Damn it, I hate giving away secrets, Oh I can't believe I'm giving this one up. BLAH BLAH, any way Mike Sigel told me years ago that he only uses Lepro's, and he's only found one way to tell good from bad, sand the back of the tip, and the dark one's are the good ones, sand 50-100 and you'll know what I mean. That is why at this moment I have 50-60 good lepros on hand.
For those about to post, what about humidity, now you've taken the coating off and the atmospheric conditions will get to them, well that's why there are air tight containers/bags.
You do have to have a discriminating eyes/good eye sight/ attention to detail. My brother say's he can't tell most of the time unless it's night and day between the color. I can.
Darkest are the med. firm(the one's most people are looking for)
Dark are Med. very good tip, needs trimmed once or twice, plays great, shouldn't use for breaking
light chocolate brown, Meduim soft tip, good tip for spinning whitey, some mushroom alot, some not so much.
and when they start getting lighter in color 99 out of 100 are crap from hear. They seam to tear apart very easily, Rotten is the correct term.
The bad one's can be used for experiments such as milk duds, soaking in super glue to make a break tip, soaking in budweiser, alcohol, or putting on the cues of people I don't like:kma:
I also use these tips to replace the tips on house cue's at the local Ymca, my charity work. and I suggest you other cue repair guys who can retip house cues to do the same, It's a great thing to do.
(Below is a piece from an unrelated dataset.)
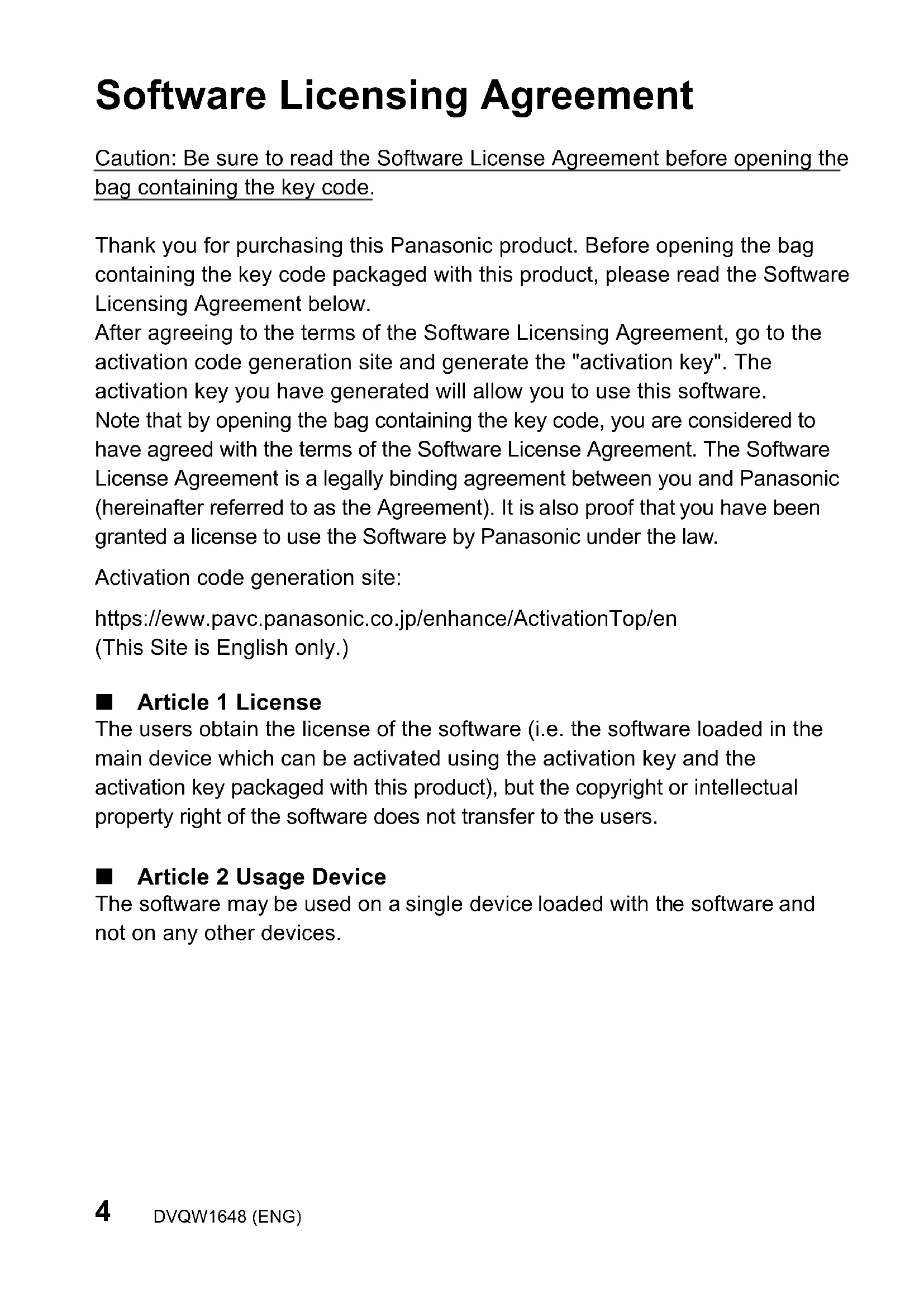 Software Licensing Agreement Caution: Be sure to read the Software License Agreement before opening the bag containing the key code. Thank you for purchasing this Panasonic product. Before opening the bag containing the key code packaged with this product, please read the Software Licensing Agreement below. After agreeing to the terms of the Software Licensing Agreement, go to the activation code generation site and generate the "activation key". The activation key you have generated will allow you to use this software. Note that by opening the bag containing the key code, you are considered to have agreed with the terms of the Software License Agreement. The Software License Agreement is a legally binding agreement between you and Panasonic (hereinafter referred to as the Agreement). It is also proof that you have been granted a license to use the Software by Panasonic under the law. Activation code generation site: ∫ Article 1 License The users obtain the license of the software (i.e. the software loaded in the main device which can be activated using the activation key and the activation key packaged with this product), but the copyright or intellectual property right of the software does not transfer to the users. ∫ Article 2 Usage Device The software may be used on a single device loaded with the software and not on any other devices. https://eww.pavc.panasonic.co.jp/enhance/ActivationTop/en (This Site is English only.) DMC-SFU2-DVQW1648.book 4 ページ 2022年3月8日 火曜日 午後6時8分5 (ENG) DVQW1648 ENGLISH ∫ Article 3 Reverse Engineering, Decompiling or Disassembly The Software is provided to you as is, and Panasonic makes no express or implied warranties whatsoever with respect to the Software. You may not reverse engineer, decompile, or disassemble the Software. Panasonic or any of its distributors or dealers shall not be bound by warranty for any defects in the Software or damage to you caused by your reverse engineering, decompiling, or disassembly of the Software. ∫ Article 4 Indemnification Panasonic or any of its distributors or dealers shall not be liable for any damage suffered by Licensee, either directly or through claims from a third party, arising from or in connection with Licensee’s use of the Software. Furthermore, Panasonic does not guarantee the successful operation of the software unless it is used with any of Panasonic. ∫ Article 5 Changes to Specifications Panasonic may change the information in the specifications and related documents for the Software without prior notice in the future. ∫ Article 6 Export Control You shall comply with all laws and regulations related to export control at home and abroad with respect to the Software. ∫ Article 7 Legal system This document shall be governed by and construed and enforced in accordance with the laws of Japan, without regard to its conflict of law provisions. ∫ Article 8 Conflict resolution Any dispute arising out of or in relation to this document shall be subject to the exclusive jurisdiction of the Osaka District Court. Please note the following.

EDIT: The only 2 exeptions to this I have found is:
#1 old lepro's anything that has been sitting around for awhile, how long? depends, we set up and do repair at quite a few tournaments every year including national tournaments now, so we put on countless amounts of tips each year. So we buy 4-5 boxes of lepros each year and maybe sell 50, the others I donate.
#2 when I rough the bottoms of the tips and if they are shaggy, or leather seams to tear, doesn't matter the darkness these are also bad.